[RAW DATA]

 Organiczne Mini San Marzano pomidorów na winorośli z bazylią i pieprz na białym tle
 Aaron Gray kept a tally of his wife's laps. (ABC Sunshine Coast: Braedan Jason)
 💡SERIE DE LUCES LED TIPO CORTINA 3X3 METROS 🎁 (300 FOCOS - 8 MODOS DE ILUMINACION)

[/RAW DATA]
[RAW DATA]

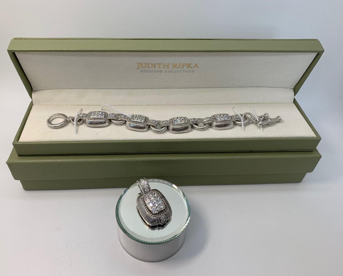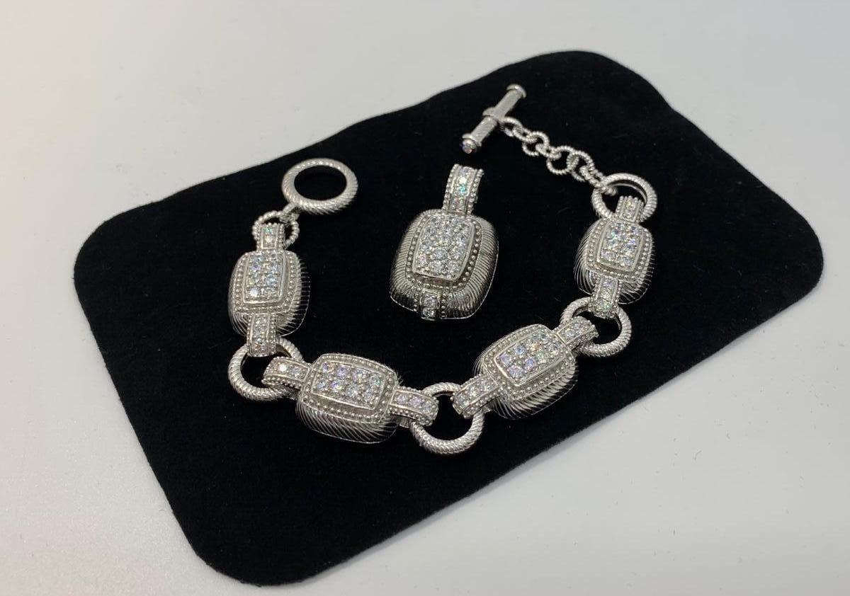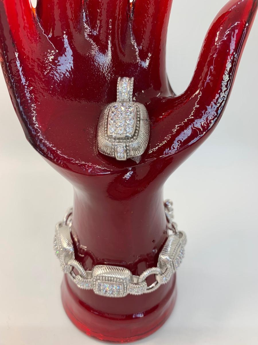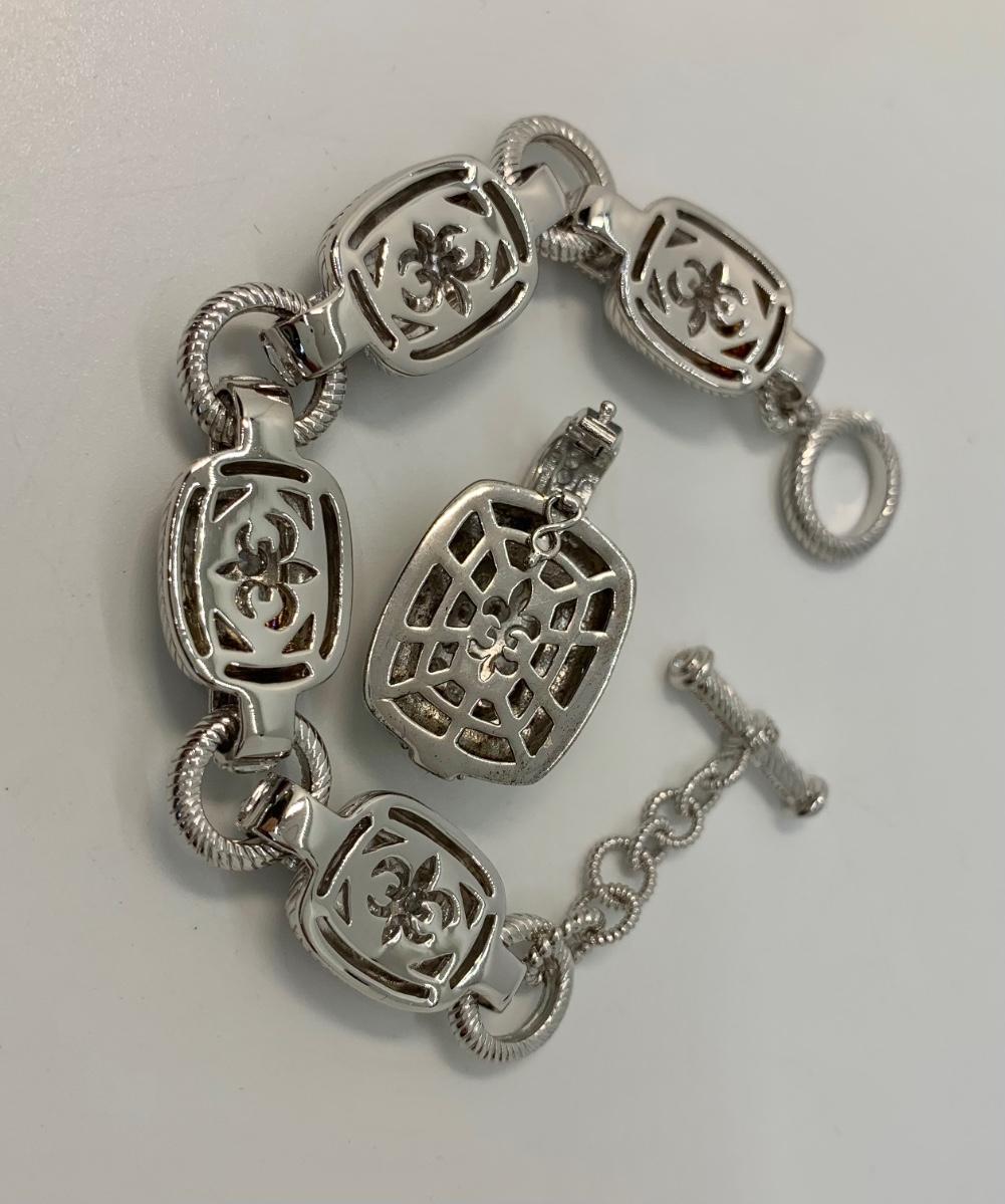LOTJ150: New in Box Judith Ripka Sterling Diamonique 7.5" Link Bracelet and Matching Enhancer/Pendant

[/RAW DATA]

- TASK ITEM
From the material above, copy exactly the lines between the line holding "Organiczne Mini San" and the line holding "MODOS DE ILUMINACION)", inclusive, and only those.

- ANSWER TO THIS TASK
 Organiczne Mini San Marzano pomidorów na winorośli z bazylią i pieprz na białym tle
 Aaron Gray kept a tally of his wife's laps. (ABC Sunshine Coast: Braedan Jason)
 💡SERIE DE LUCES LED TIPO CORTINA 3X3 METROS 🎁 (300 FOCOS - 8 MODOS DE ILUMINACION)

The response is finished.